**Try it**:
Beginning with the first line, please return the entries exactly through the line that contains "資深藝人驚傳「大陸過世」! 李興文慟治喪", and leave out all later lines.

- Opening Delimiter -

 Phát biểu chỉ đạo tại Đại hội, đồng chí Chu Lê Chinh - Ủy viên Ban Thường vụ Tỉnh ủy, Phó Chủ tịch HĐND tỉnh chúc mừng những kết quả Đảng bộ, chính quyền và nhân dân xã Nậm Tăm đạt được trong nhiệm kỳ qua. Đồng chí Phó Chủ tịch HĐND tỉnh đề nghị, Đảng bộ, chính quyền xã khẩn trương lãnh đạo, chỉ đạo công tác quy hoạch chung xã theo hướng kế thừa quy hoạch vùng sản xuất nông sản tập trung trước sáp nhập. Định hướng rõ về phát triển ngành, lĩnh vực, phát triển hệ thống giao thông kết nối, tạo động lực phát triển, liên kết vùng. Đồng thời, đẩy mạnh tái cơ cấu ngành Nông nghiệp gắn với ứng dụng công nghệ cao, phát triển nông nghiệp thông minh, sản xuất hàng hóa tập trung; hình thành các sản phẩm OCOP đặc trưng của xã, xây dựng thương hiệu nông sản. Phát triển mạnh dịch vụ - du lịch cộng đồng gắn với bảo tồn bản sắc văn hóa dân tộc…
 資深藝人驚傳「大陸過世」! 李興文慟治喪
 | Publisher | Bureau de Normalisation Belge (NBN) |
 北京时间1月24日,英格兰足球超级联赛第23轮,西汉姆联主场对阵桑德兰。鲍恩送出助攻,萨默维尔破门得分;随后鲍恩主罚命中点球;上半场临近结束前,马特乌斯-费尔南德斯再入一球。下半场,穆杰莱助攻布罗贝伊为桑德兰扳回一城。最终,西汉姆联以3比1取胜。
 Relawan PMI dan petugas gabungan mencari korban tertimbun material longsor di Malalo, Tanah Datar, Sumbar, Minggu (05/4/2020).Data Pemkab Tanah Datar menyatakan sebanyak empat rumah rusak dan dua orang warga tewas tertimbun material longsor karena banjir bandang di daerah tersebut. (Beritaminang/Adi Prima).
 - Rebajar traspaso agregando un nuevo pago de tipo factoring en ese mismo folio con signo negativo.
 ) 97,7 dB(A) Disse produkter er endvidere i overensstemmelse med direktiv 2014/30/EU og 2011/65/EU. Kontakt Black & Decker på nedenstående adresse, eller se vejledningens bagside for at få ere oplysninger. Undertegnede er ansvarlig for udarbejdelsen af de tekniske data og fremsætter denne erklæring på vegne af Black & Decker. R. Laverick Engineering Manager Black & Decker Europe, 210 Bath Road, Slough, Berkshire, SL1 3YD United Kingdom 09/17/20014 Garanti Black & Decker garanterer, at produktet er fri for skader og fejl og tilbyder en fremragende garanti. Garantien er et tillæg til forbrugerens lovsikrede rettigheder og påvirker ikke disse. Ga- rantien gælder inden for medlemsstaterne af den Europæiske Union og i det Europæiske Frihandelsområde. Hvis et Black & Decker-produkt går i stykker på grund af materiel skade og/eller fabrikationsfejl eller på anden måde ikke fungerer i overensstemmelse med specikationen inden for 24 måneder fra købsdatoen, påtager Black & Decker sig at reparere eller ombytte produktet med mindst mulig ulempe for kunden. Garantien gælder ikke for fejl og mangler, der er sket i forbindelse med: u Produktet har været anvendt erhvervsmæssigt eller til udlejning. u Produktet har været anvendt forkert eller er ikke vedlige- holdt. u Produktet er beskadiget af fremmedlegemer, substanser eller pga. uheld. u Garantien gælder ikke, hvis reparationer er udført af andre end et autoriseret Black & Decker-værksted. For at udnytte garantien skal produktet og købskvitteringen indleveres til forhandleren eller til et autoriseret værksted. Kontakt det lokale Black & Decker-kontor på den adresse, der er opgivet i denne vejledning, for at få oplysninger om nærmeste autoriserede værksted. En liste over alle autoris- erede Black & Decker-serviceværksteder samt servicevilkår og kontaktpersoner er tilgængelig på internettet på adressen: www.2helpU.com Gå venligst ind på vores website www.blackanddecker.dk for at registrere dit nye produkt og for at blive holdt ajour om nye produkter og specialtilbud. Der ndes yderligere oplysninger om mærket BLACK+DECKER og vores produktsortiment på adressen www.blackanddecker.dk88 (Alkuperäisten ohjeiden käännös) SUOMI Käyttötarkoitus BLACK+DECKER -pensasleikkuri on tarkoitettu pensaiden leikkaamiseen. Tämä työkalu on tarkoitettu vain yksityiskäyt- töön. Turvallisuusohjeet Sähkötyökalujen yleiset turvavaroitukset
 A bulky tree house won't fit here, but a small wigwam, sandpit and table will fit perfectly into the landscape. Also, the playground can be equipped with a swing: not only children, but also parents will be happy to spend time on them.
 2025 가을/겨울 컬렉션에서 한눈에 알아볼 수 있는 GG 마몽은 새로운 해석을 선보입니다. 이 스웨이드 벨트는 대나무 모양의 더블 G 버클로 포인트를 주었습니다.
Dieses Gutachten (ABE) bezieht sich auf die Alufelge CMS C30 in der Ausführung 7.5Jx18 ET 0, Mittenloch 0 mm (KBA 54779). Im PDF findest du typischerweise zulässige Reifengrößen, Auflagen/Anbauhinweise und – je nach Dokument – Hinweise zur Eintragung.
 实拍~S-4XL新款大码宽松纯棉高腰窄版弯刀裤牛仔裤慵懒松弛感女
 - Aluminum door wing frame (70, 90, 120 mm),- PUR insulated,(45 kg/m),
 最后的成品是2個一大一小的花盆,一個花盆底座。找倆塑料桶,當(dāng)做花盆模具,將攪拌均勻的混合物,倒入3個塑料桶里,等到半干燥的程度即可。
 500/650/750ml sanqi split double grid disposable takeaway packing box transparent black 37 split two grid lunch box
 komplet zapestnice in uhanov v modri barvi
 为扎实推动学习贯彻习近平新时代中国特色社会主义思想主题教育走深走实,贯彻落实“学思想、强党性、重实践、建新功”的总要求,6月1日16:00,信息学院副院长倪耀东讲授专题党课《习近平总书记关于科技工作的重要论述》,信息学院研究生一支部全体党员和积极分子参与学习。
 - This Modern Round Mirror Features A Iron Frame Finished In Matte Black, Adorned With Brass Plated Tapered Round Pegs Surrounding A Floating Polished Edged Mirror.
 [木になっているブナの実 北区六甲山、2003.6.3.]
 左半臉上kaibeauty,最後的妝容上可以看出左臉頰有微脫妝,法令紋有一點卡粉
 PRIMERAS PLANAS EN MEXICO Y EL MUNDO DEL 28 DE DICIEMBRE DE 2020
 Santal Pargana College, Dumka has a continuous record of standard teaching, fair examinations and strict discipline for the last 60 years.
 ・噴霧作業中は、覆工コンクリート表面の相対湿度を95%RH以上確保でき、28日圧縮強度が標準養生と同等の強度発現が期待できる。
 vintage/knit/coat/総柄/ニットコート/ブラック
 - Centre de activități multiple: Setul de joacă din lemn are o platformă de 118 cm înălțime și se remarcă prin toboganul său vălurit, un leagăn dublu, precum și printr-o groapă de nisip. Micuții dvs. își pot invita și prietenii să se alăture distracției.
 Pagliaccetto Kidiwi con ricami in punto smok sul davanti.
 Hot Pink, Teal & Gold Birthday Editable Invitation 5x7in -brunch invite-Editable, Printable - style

- Closing Delimiter -

**Completed exercise**:
 Phát biểu chỉ đạo tại Đại hội, đồng chí Chu Lê Chinh - Ủy viên Ban Thường vụ Tỉnh ủy, Phó Chủ tịch HĐND tỉnh chúc mừng những kết quả Đảng bộ, chính quyền và nhân dân xã Nậm Tăm đạt được trong nhiệm kỳ qua. Đồng chí Phó Chủ tịch HĐND tỉnh đề nghị, Đảng bộ, chính quyền xã khẩn trương lãnh đạo, chỉ đạo công tác quy hoạch chung xã theo hướng kế thừa quy hoạch vùng sản xuất nông sản tập trung trước sáp nhập. Định hướng rõ về phát triển ngành, lĩnh vực, phát triển hệ thống giao thông kết nối, tạo động lực phát triển, liên kết vùng. Đồng thời, đẩy mạnh tái cơ cấu ngành Nông nghiệp gắn với ứng dụng công nghệ cao, phát triển nông nghiệp thông minh, sản xuất hàng hóa tập trung; hình thành các sản phẩm OCOP đặc trưng của xã, xây dựng thương hiệu nông sản. Phát triển mạnh dịch vụ - du lịch cộng đồng gắn với bảo tồn bản sắc văn hóa dân tộc…
 資深藝人驚傳「大陸過世」! 李興文慟治喪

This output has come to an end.